Larry Collins submission
[Flag proposal] image located by Esteban Rivera, 18 September 2022

"The 'D' shaped field of white is for Dayton, The color White for our hope for peace, Green is for our hope for growth. The descending slope suggests our geographic position in the Miami Valley, sky blue for the unbounded limits or our potential, the Wright flyer connects us to our past, and remains a testament to the fact that, from Dayton, your dreams can lift the course of humanity to the heavens!"
Esteban Rivera, 18 September 2022


[Municipal seal] image located by Paul Bassinson, 9 November 2019

Paul Bassinson, 9 November 2019

1958 flag

[Flag of Dayton, Ohio] image by Blas Delgado Ortiz, 3 January 2001
Source: Flags of Ohio website

The city flag (now replaced) had the word “DAYTON” in block letters running down the left side. On the right, it has a big globe inside a bicycle cog, and a Wright Brothers biplane over the globe.

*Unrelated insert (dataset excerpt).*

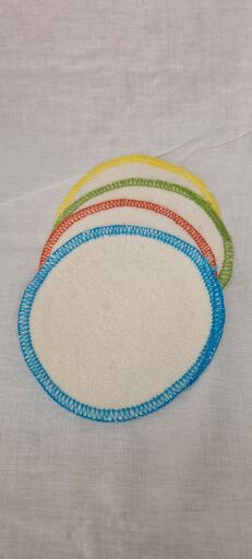 Lavables et colorés.100 % coton bio, teinture écologique. Diamètre : 9 cm.

"On January 23, 1956, The Dayton Area Chamber opened a city-wide contest to replace the flag and urged the City Commission to adopt a new flag. The Chamber reasoned this because the 1917 flag had colors that “faded rapidly, making it unsuitable for public display” (namely the deep orange faded into a sickly yellow over time). They also said that the old flag was not “suitable for such a display” and they wanted something “new and modern."

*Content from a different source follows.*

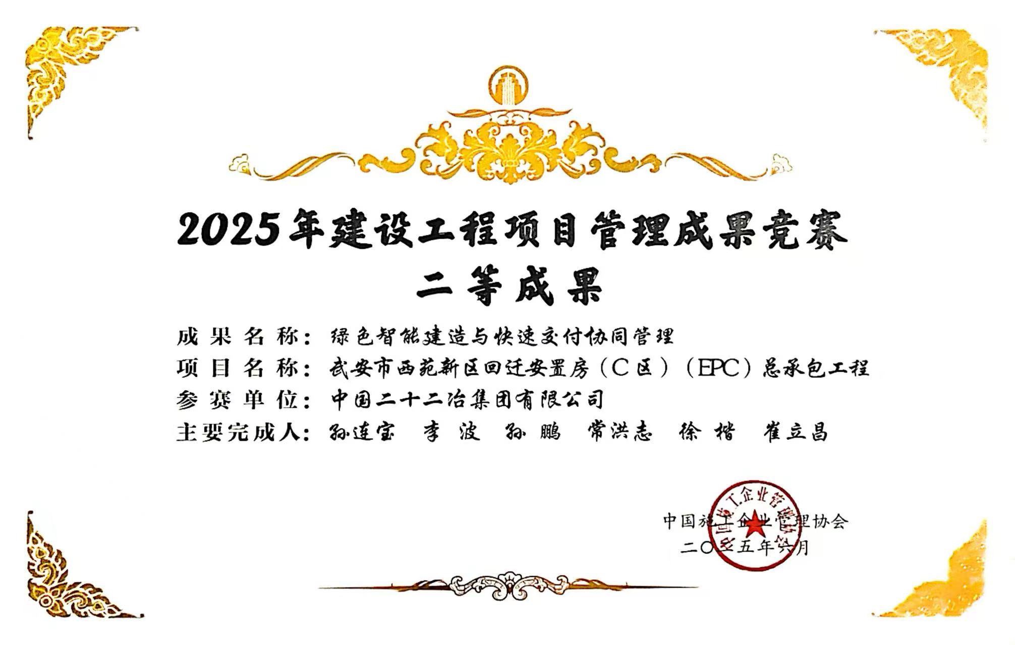 近日獲悉,華北公司北京交通大學(xué)唐山研究院項目、臨沂優(yōu)特鋼軋鋼項目、武安回遷安置房C區(qū)項目和涿神鋁加工項目分別榮獲中國施工企業(yè)管理協(xié)會頒發(fā)的2025年建設(shè)工程項目管理成果競賽二等成果。

The chamber held a public contest with a cash prize and judged it based on originality, simplicity, and effectiveness. Judges included Thomas C. Colt, director of the Dayton Art institute, William Chait, Montgomery County public library director, Mayor R. William Patterson, Kenneth P. Morse, Chamber president, and City Manager Herbert W. Starick.

Contest winners were Michael J. Spahr, who designed the Dayton lettering down the side, and Karen Kress, who designed the center emblem of the Kitty Hawk plane, globe, and gear. They were designed to develop the final flag, and collectively split $100.

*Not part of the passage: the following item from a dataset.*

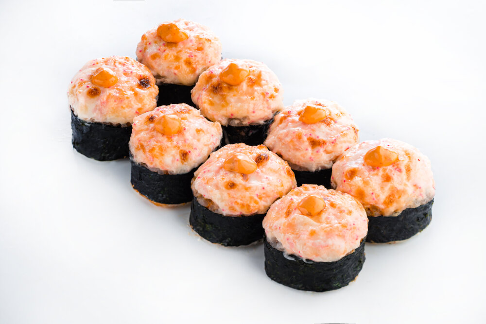 Рис, нори, лосось, сливочный сыр, огурец, соус Спайси, сырная шапочка.

This flag was voted to be the Flag Emeritus, a special designation in the City of Dayton Code of Ordinances, on the same day as the adoption of the new Dayton Flag on December 15, 2021."

Image of flag copied from the original located here:, source: I've seen that the "indoor" flag (as seen here, third from left to right: features a darker shade of blue and this "outdoor" color version is perhaps simply just a manufacturer variant.
Esteban Rivera, 18 September 2022

1917 flag

[Flag of Dayton, Ohio] image by BlinxCat, 31 May 2022

"The need for a Dayton flag “for local uses and to inspire civic patriotism” was identified by the directors of the Greater Dayton Association in 1915, including Houston Lowe, C. H. Kumler, Annie Campell, W. B. Werthner, and J. M. Guild, who created the process and recommended a design to the City Commission.

A cash prize was offered for the best design and was awarded to Harvey King of Dayton because “his sketch was dedicated to be the most artistic.” It was later found to be impracticable to produce, and the committee worked to make a design that “while artistic and emblematic of the city, would also be sufficiently simple for manufacturing and commercial purposes.”

Mabel Hyer (later Griep), an assistant art teacher at Steele High School was tasked in preparing the design that was later adopted (she won $25 for this). The design features a Wright Flyer in the middle and two orange stripes on either side. When Mrs. Griep went to go sketch the Wright Flyer when it was on display at the Delco electrical exposition in 1916, she said onlookers took her “for a German spy” while making her detailed sketch of the plane. She knew the Wright Brothers, and often played with their sister, Katherine, at the old bicycle shop where the Wrights conducted their experiments.

A Dayton Pennant was also designed. Both the flag and pennant include the colors deep orange to (according to Mabel) symbolize agricultural resources, white to symbolize civic righteousness, and navy blue to represent loyalty of the citizens. Both were eventually adopted by the City Commission on August 15, 1917."